Clearly Wenger knows that Arsenal must be at their steely sharpest on Sunday. The fact that they played a second string against Red Star Belgrade, while City had to go almost full-strength in Naples, could play into Arsenal’s hands.

“That is the target,” said Wenger, who knows that his decisions can only be vindicated by success on Sunday. “The rotation policy is destined towards that. To get it right you need the right result, so it will be right if we have the right result tonight and the right result on Sunday.”

But how do Arsenal go about disrupting Manchester City? Wenger talked a good game about not being afraid to “accept the risk” of fighting fire with fire.

“Sometimes the best way to defend is to attack”, he said, “you have to accept the gamble and the risk as part of the game.” The reality is that Arsenal cannot hope to do what Napoli did: they are nowhere near as good as them physically or positionally.
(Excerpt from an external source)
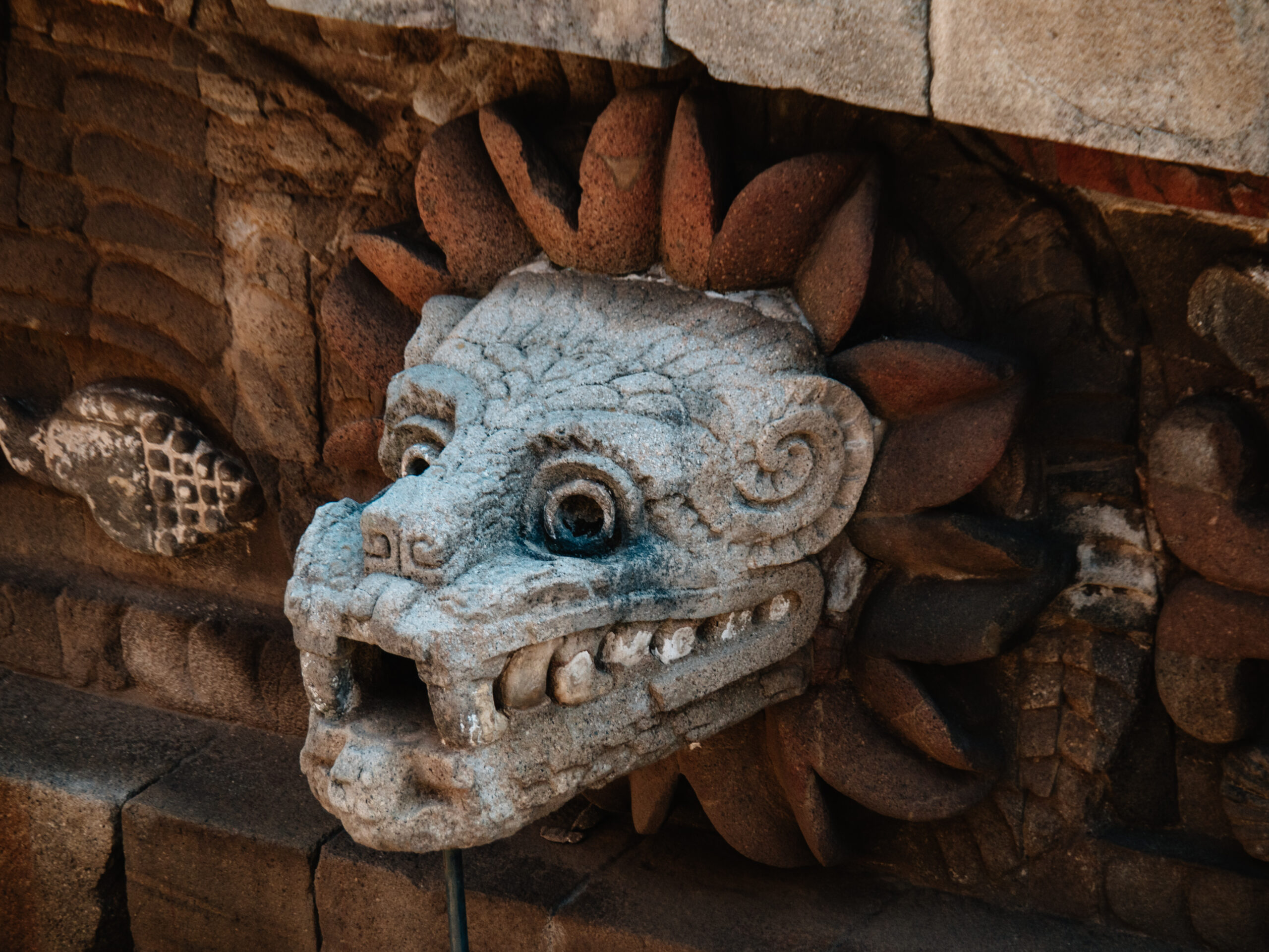 ケツァルコアトルは、古代ナワトル語で「羽毛ある蛇」(ケツァルが鳥の名前(キヌバネドリ科)、コアトルが蛇)を意味し、古代メソアメリカ諸文明で広く信仰されていた農耕神。民衆に文明を与えた文化神、風の神とも考えられています。

Wenger insists he will meet fire with fire

So Wenger will have to find another way, some compromise between the Sarri press and the parked bus. And he can take some encouragement from the fact that he was, in fact, the last manager to beat City. Arsenal won the FA Cup semi-final at Wembley on 23 April, nicking an open, scrappy and surprisingly low-quality game in extra time. That was a very different City team: they had Claudio Bravo, Gael Clichy and Jesus Navas. And yet as an example to work from it is as good as it going to get for Arsenal.

“We tried to defend well, and not hide every time we had the ball because we went forward,” Wenger said.

“We had a balanced team as well, a team that could defend and one which was quick going forward every time we had the ball. We took over as well in the second half and it was decided after extra time. We had a good focus.”

Alexis was desperate to leave for City last summer 

Energy, attacking threat and focus, then, are the three items on the Wenger checklist. And while Alexis Sanchez will provide buckets of the first two, can he be trusted to deliver the third?

Sanchez, as is well known, was desperate to move to Manchester City at the end of the summer transfer window. Arsenal had said all summer they would not sell him to City on principle, only for them to open to the door to doing so, before having to close it again when they failed to land Thomas Lemar. That day left Sanchez in limbo and now he is playing out the final months of his contract before his inevitable departure.

City could well come back in for Sanchez in January, knowing he would cost far less than £60million when he is just months away from being a free agent. But whatever happens down the line, Wenger’s faith in Sanchez’s self-motivation and drive has never diminished. As long as he is on a football pitch, he wants to win, no matter who he is playing for or against.

“I expect him to be motivated but that is always the case,” Wenger said. “One thing you cannot fault in Alexis Sanchez is his motivation. This guy, when he plays for Chile he plays with passion that is in South America. Same for Barcelona and Arsenal. He is happy when he is on the pitch and that is all he wants.”

Wenger no longer pretends that he thinks Sanchez will sign a new deal although he did deny Sanchez will be sold in the winter window. Arsenal still need him, in Wenger’s mind, more than City do.

But this Sunday Sanchez will be tasked with putting all that to one side and trying to deliver a result no one else thinks is possible.